A third risk is that positive self-perceptions may have social costs. A specific source of evidence of the self-serving pattern in ability assessment examined the use of idiosyncratic definitions of traits and abilities. The authors suggested that the social costs occur when one's definition of ability is perceived to be the only one relevant to achievement outcomes. In other words, wherever people fail to recognise when other plausible definitions of ability are relevant for success, estimates of their future well-being will be overstated.

A fourth risk is that it may be harmful to realize that one's actual competence does not match up to their illusions. This can be harmful to the ego and result in actually performing worse in situations such as college.

Although positive illusions may have short-term benefits, they come with long-term costs. Positive illusions have been linked with decreasing levels of self-esteem and well-being, as well as narcissism and lower academic achievement among students.

==Negative counterparts==
Although more academic attention has focused on positive illusions, there are systematic negative illusions that are revealed under slightly different circumstances. For example, while college students rate themselves as more likely than average to live to 70, they believe they are less likely than average to live to 100. People regard themselves as above average on easy tasks such as riding a bicycle but below average on difficult tasks like riding a unicycle. In 2007, Moore named the latter effect the "worse-than-average effect". In general, people overestimate their relative standing when their absolute standing is high and underestimate it when their absolute standing is low.

==Mitigation==
Depressive realism suggests that depressed people actually have a more realistic view of themselves and the world than mentally healthy people. The nature of depression seems to have its role in diminishing positive illusions. For example, individuals who are low in self-esteem, slightly depressed, or both, are more balanced in self-perceptions. Likewise, these mildly depressed individuals are found to be less vulnerable to overestimations of (their) control over events and to assess future circumstances in biased fashion.

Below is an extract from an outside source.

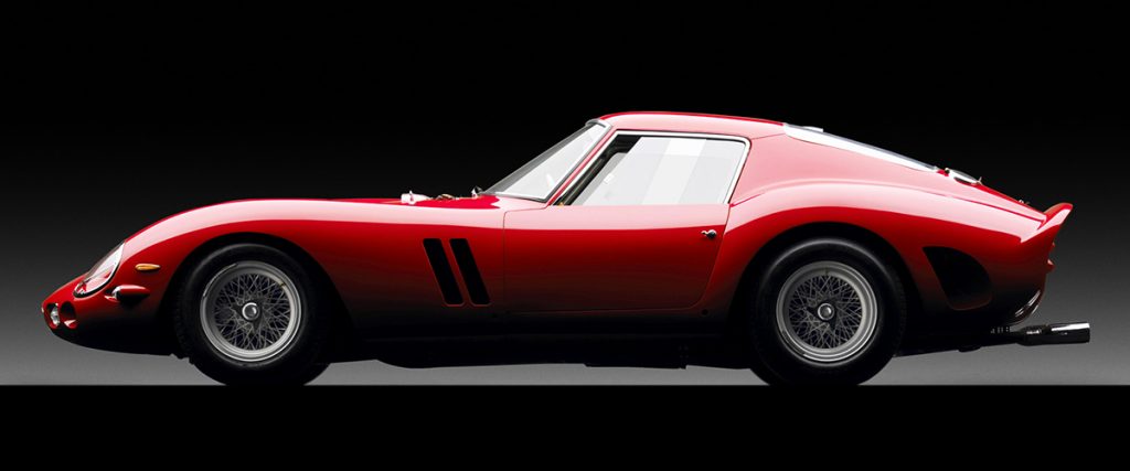 Este Ferrari dispensa apresentações. Apesar de ser um modelo praticamente novo quando comparado com o 250 GT SWB, a marca conseguiu aproveitar algumas falhas nos regulamentos para homologar a sua nova arma para as corridas. E com este 250 GTO devidamente “Omologato”, a Ferrari venceu o campeonato durante três anos consecutivos entre outras vitórias de categoria, nomeadamente nas 24 Horas de Le Mans. Foram produzidos 33 exemplares, dos quais quatro foram, posteriormente, alterados com a configuração do GTO de 1964 e um chassis (#4713GT) recebeu uma singular carroçaria “LMB”.

However, these findings may not be because depressed people have fewer illusions than people who are not depressed. Studies such as Dykman et al. (1989) show that depressed people believe they have no control in situations where they actually do, so their perspection is not more accurate overall. It might also be that the pessimistic bias of depressives results in "depressive realism" when, for example, measuring estimation of control when there is none, as proposed by Allan et al. (2007). Also, Msetfi et al. (2005) and Msetfi et al. (2007) found that when replicating Alloy and Abramson's findings the overestimation of control in nondepressed people only showed up when the interval was long enough, implying that this is because they take more aspects of a situation into account than their depressed counterparts.

Two hypotheses have been stated in the literature with regard to avoiding the drawbacks of positive illusions: firstly by minimising the illusions in order to take the full advantage of the benefits, and secondly through making important decisions. According to Roy Baumeister, a small amount of positive distortion may be optimal. He hypothesizes that those who fall within this optimal margin of illusion may provide for the best mental health.